Well I’m right about the depth of my sin, that’s for sure.  In fact, I don’t know if any of us has a full understanding of how deeply sin runs in our hearts. And if I dwell on this for any length of time, the situation feels pretty hopeless. I make assumptions about God, presuming that he must be angry with me and fed up that I can’t get my act together after all these lessons and all this time.  And when I make this assumption it leads me to avoid God altogether because I fear facing a God at the end of his tether.  I become convinced that God is against me so I hide from him and the distance between us widens.

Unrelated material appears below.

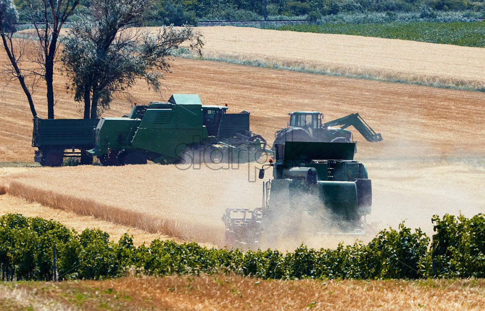 Combine harvesters working in the field in autumn season. Austria Royalty Free Stock photo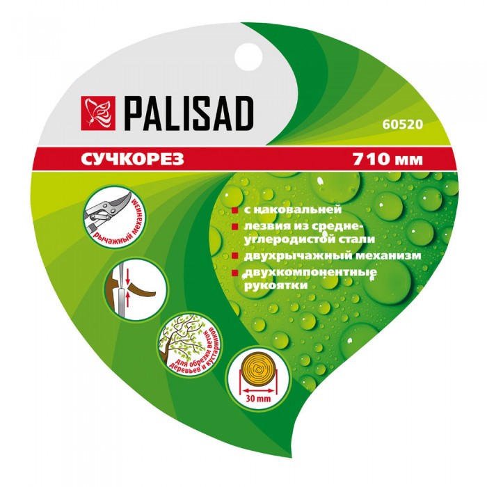 Сучкорез с наковальней, 710 мм, двухрычажный механизм, двухкомпонентные рукоятки, Palisad (60520)

Why does sensing my sin lead me away from God?  Where have I gone wrong? I’ve listened to my own sinful heart, and not to God’s voice.  I’ve assigned God the attributes of a fallen human being and then put words into his mouth.  I would have walked away long ago from a friend so unfaithful.  But God is not like us! I only have to open the scriptures and I am confronted with a love that is more deep and radical than I could ever demonstrate.  Deuteronomy, Zechariah and the Psalms tell us that we are the apple of [his] eye, and in Isaiah, God asks, Can a mother forget the baby at her breast and have no compassion on the child she has borne?  Though she may forget, I will not forget you!  See, I have engraved you on the palms of my hands. (Isaiah 49)  In Songs of Solomon, we read that God’s love is as strong as death, its jealousy unyielding as the grave and that any earthly offering made in exchange for this love would be utterly scorned.  As I consider the finality and inescapable nature of death, and the powerful and instinctive nature of a Mother’s love for her baby, I start to get a glimpse of the depth of God’s love.  Once I am his, it is inescapable, inevitable, and as certain as my own mortality.  Whilst I imagine my favour with God hanging by a thread, I am, in reality, bound head to toe in his unbreakable chords of love.   Yes, my sin runs deep, but his love runs deeper. Psalm 103 tells us that God does not deal with us according to our sins, nor repay us according to our iniquities.  God’s love is outrageous and completely counterintuitive – when we would have stopped loving long ago, he loves.

Where else have I gone wrong?  I have assumed that God loves me because I have something to offer him. Perhaps not explicitly, but if I assume God’s love will run out if I continue to mess up and let him down, I am also assuming that it won’t if I am a faithful Christian.  I am presuming that God loves me because of what I am like.   God doesn’t love me because of what I am like, but because of what he is like. There is nothing within me that recommends me to God.  A mother doesn’t dote on her baby because of what it can offer or how it can serve her.  God loves me because he is gracious and compassionate; slow to anger and rich in love.  He loves me because he is merciful and mighty.  And he loves me because of Jesus.  He loves me because when he sees me, he sees the righteousness of Christ, who has never failed or been unfaithful.  He loves me because Jesus suffered and died in my place in order to robe me in his own righteousness.  It’s all of him and none of me.  What a relief! God’s love for me is not a response to my faithfulness.  Jesus’ death on the cross for me is actually proof that God knows exactly how sinful I am, and will continue to be.   A great preacher once reminded me, ‘If it took the death of God’s perfect son to save you, you must be a piece of work!’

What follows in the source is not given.